The final entry in the Sioux City Symphony Orchestra’s “Evening of Symphonic Dance” didn’t feature any dancers, but they weren’t necessary.
By the time Music Director Ryan Haskins got to Sergei Rachmaninoff’s “Symphonic Dances,” the audience was more than able to visualize how someone might move across the stage in front of the orchestra.
That’s because members of the New York-based Dance Heginbotham did a great job suggesting how a piece might be interpreted in two earlier selections.
A group of five moved fluidly across the stage during Ernst von Dohnanyi’s “Serenade for String Trio,” resembling notes on a staff. Three (in black and white) provided a structure for two (in red and blue) to populate. Choreographed by Dance Heginbotham’s founder, John Heginbotham, the “Angels’ Share” never stopped moving. Indeed, when one dancer would hold (or exit), another would be there to pick up the thread. In a taped piece before the performance, Heginbotham said he was unable to attend because he was choreographing a Broadway revival of “Oklahoma!”

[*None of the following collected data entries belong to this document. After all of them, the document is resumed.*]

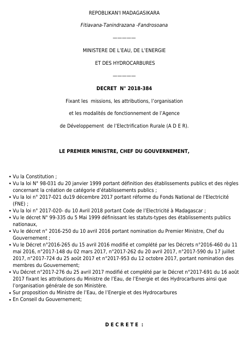Décret n°2018-384 Fixant les missions, les attributions, l'organisation et les modalités de fonctionnement de l'Agence de Développement de l'Electrification Rurale (ADER)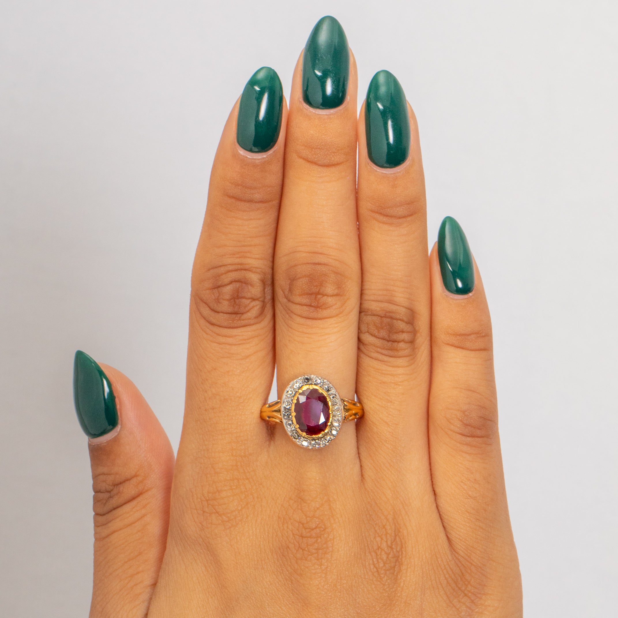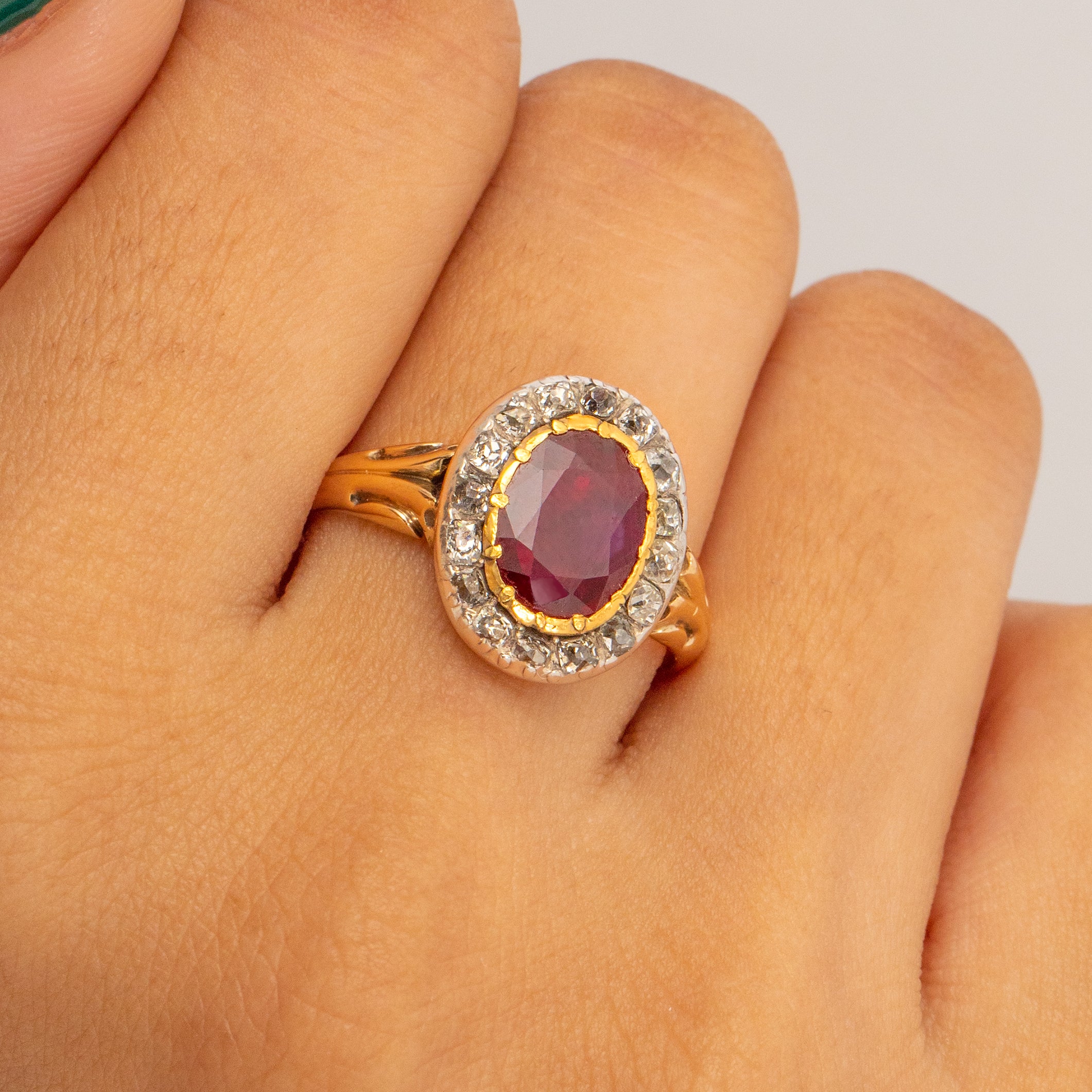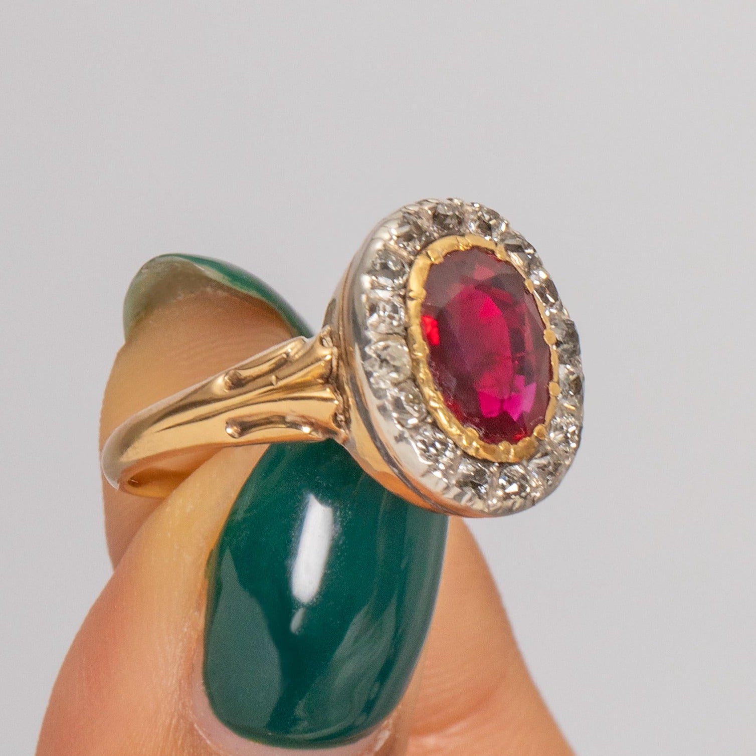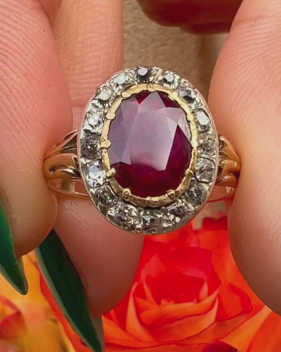 Georgian 18ct Gold Ruby Diamond Cluster Ring, 2.40ct Ruby.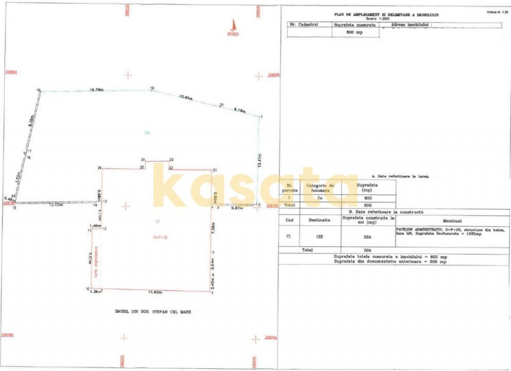 Suprafață totală teren: 800 mp;

Moves in “Angels’ Share” could easily be adapted for that show. Some of the synchronization looked like it would work in any number of “Oklahoma!” dances.

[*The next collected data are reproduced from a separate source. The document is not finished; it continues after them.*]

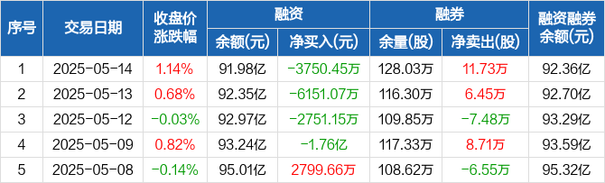 融资方面,当日融资买入1.04亿元,融资偿还1.42亿元,融资净偿还3750.45万元,连续4日净偿还累计3.03亿元。融券方面,融券卖出14.93万股,融券偿还3.2万股,融券余量128.03万股,融券余额3851.14万元。融资融券余额合计92.36亿元。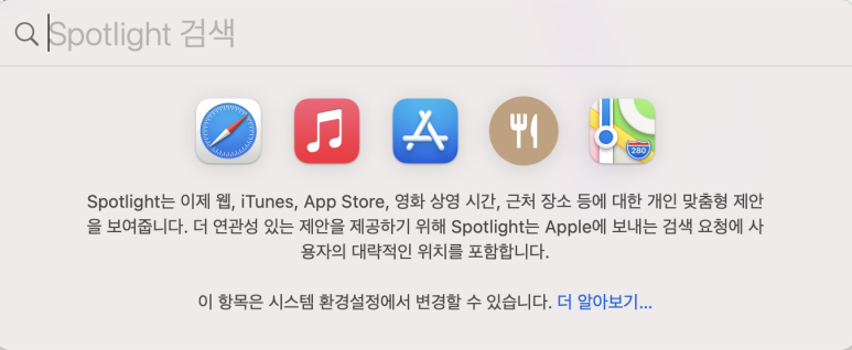 누를경우 아래 사진처럼 Spotlight 검색이 뜹니다.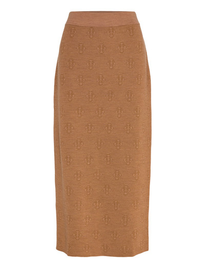 Arborant un motif monogramme sur l'ensemble, cette jupe en maille offre un look sophistiqué. Elle présente une coupe slim, une taille élastique côtelée confortable et une longueur midi flatteuse. Pour l'entretien, laver en machine à l'envers avec un programme laine et remodeler lorsqu'elle est humide.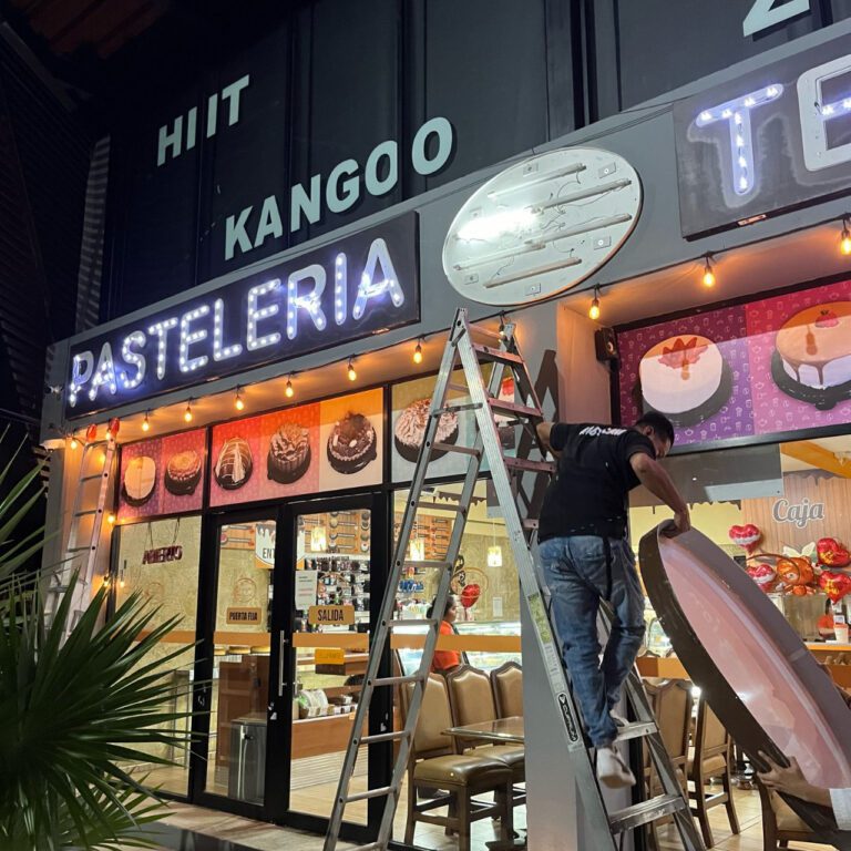 Utilizamos materiales resistentes al clima costero y garantizamos acabados profesionales que elevan la percepción de tu negocio. Controlamos todo el proceso para asegurar calidad, tiempos de entrega y durabilidad.

The five – John Eirich, Lindsey Jones, Courtney Lopes, Victor Lozano and Macy Sullivan – effortlessly sewed together the three movements in Dohnanyi’s work. The orchestra was as crisp as the dancers, helping them demonstrate how the two art forms unite.
A second piece, commissioned for the Sioux City organization, used Igor Stravinsky’s “Circus Polka” as its jumping-off point. Stravinsky wrote the bold, brassy music for the Ringling Bros. and Barnum & Bailey Circus. It was designed for 50 elephants and 50 dancers at Madison Square Garden and, you can imagine, it was meant to be a big, oversized deal. Stravinsky included his own nudges in the four-minute work and got the intended reaction. In Sioux City, Heginbotham choreographed it for one and called his interpretation “Peanut.” Sullivan, dressed in a hula-hoop dress and hot pink shorts, danced as if there were 50 elephants behind her. She strutted with commitment, finding the humor the composer intended it to have. Should Broadway revive “Barnum” (or adapt “Greatest Showman”), Heginbotham might be a good name to toss out as choreographer.
By the time Haskins was ready for the Rachmaninoff, the guest artists had planted enough seeds to suggest what they might do during a third collaboration. The music also gave nice moments to pianist John Walker, principal flute Brian Allred and the entire percussion section.
Also outstanding: Concertmaster Te-Chiang Liu, who opened the evening with two Bach pieces dedicated to the memory of Dr. Lee Van Voorhis and Janet Wanzek, two longtime orchestra supporters.
Interestingly, the night wasn’t wall-to-wall dance, but a suggestion of what the two art forms could do with each other. An extensive night of Dance Heginbotham works is definitely in order. Saturday’s concert was a tasty appetizer.